Most of them were written for a 2019 off-Broadway production adapted and directed by Erica Schmidt, who is married to the film’s star, Peter Dinklage. Schmidt wanted to update the traditional play’s long, poetic monologues with music that could blend with the dialogue. The lyrics themselves were even written directly into Schmidt’s screenplay, flowing between verse and song.
The National, hardly the type to pen a Broadway anthem or pop song, she felt might be just the group to capture that internal poetry of the words. And the band considers one of the film and play’s standout tracks “Wherever I Fall,” to be one of “the strongest songs we’ve written in our career” and a “timeless” song that they would’ve never written if not for “Cyrano.”
But a new song, “Every Letter,” uses pulse-quickening strings and feather-light piano to deliver a key narrative moment. The three main voices in the cast—Dinklage, Haley Bennett and Kelvin Harrison Jr.—sing live vocals despite not sharing the screen, which forced the Dessners to tinker with pitches and keys in a makeshift, baroque theater near the film’s set in Sicily.

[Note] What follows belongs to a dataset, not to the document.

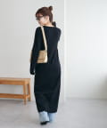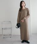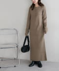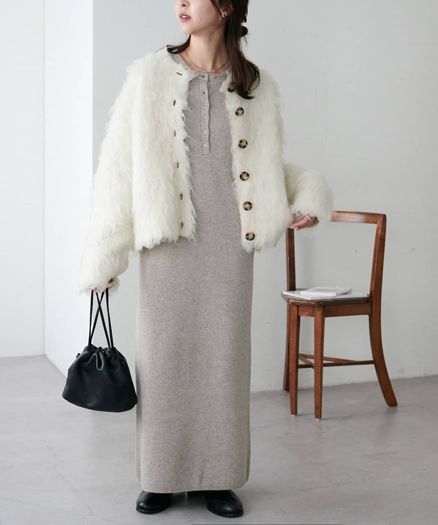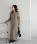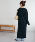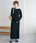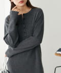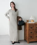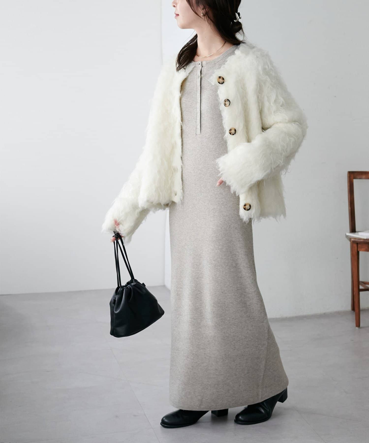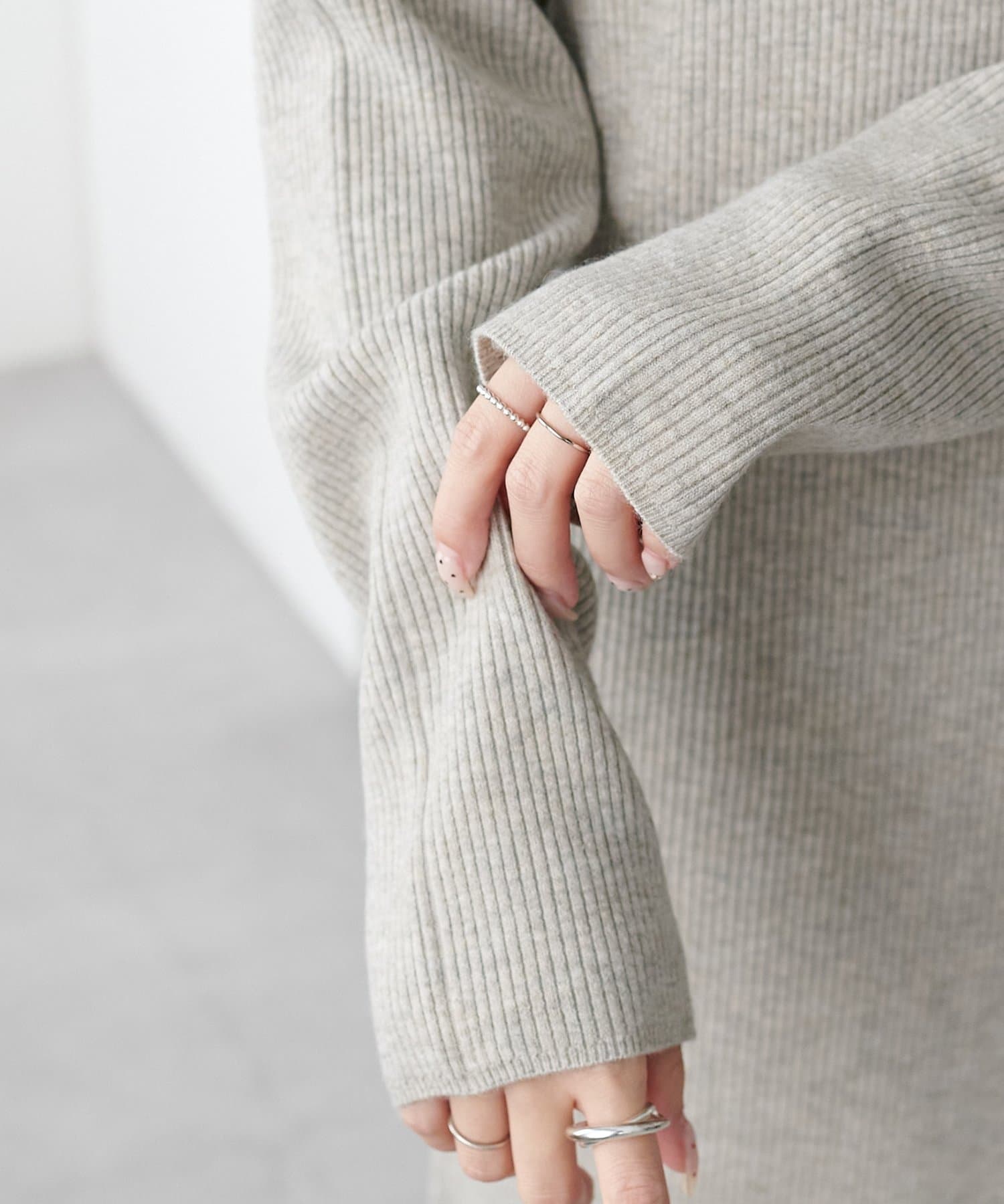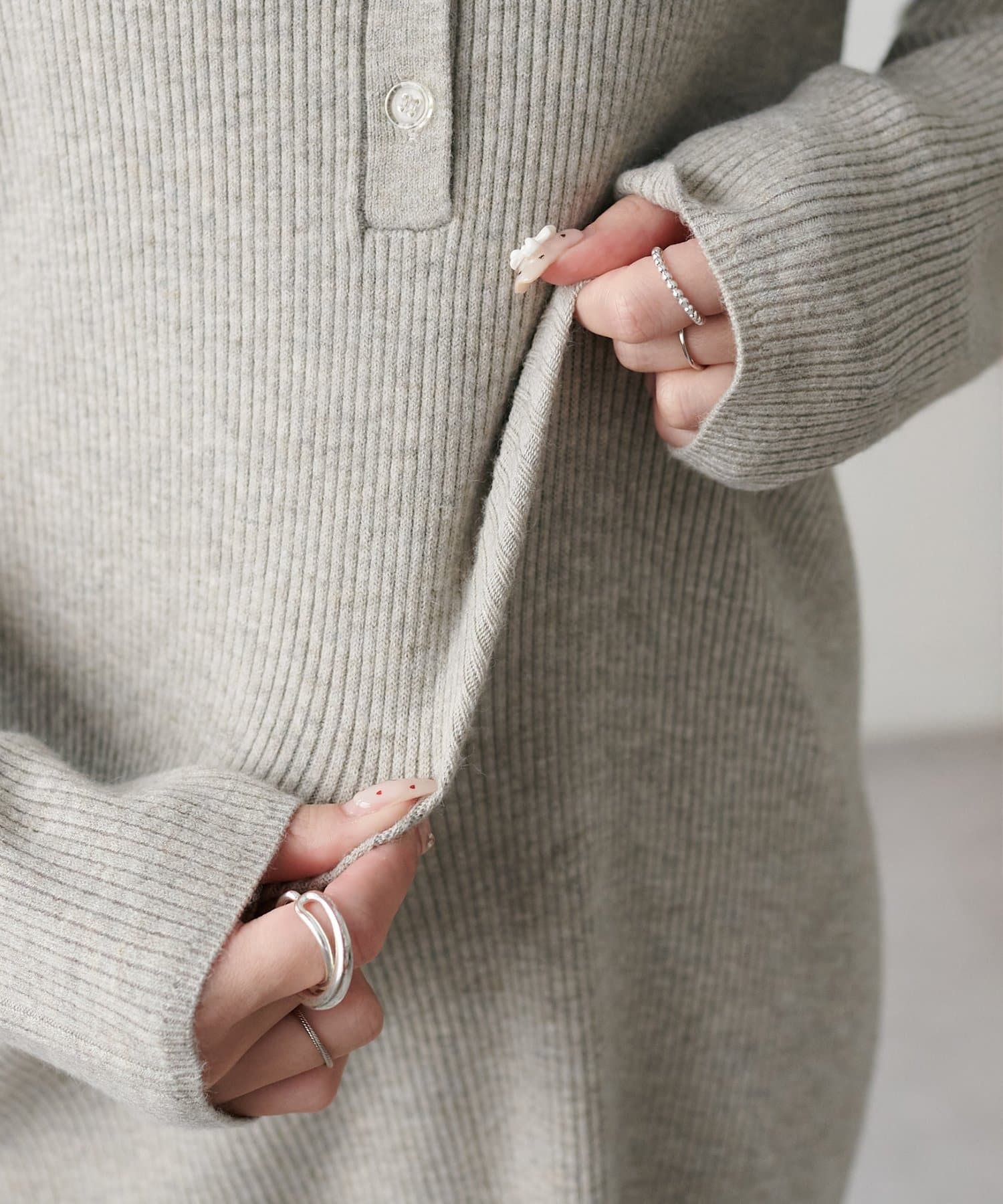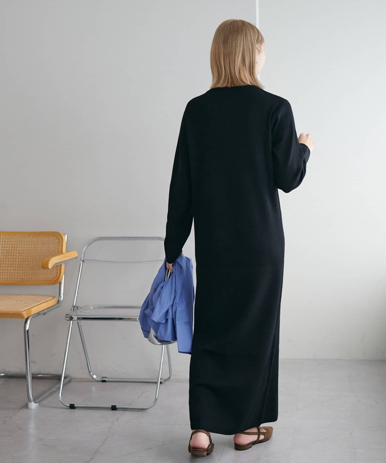 シンプルながらも女性らしさを引き立てるヘンリーネックデザインのリブニットワンピース。

“What would take a lot of pages in the play is done in this dramatic trio, which is unlike anything we’ve ever written really, to have this trio of voices communicating to each other through this sensual song about poetry and words,” Aaron Dessner explained.
The good news was that Dinklage’s baritone register sounds awfully like The National’s lead singer, Matt Berninger, who also wrote the “Cyrano” lyrics along with Carin Besser.
“What works for Matt doesn’t really work for anyone else because he can read the phone book and it sounds meaningful,” Bryce Dessner said. “But Peter, once he let go of trying to sing like Matt, found his own beautiful way of expressing these songs, and we were able to tailor them around him. He’s such a virtuosic actor and really showed himself to have an incredible voice as well.”
Berninger did, however, get to sing on the other new track, “Somebody Desperate,” a song that Bryce said is about the “impossibility and beauty of human longing and communication.” It didn’t fit in the flow of the narrative but was a “great thesis” for the play and perfect for the end credits.
The Dessners agreed that Berninger and Besser “poured their soul” into their lyrics, and they added that to have their music be so “elemental to the piece” from the very beginning was a dream come true.
“Our songwriting is all woven together. It’s the inverse of what we do in the band, usually,” Aaron Dessner said. “This is something we always dreamed about, and then to have it happen is really special.”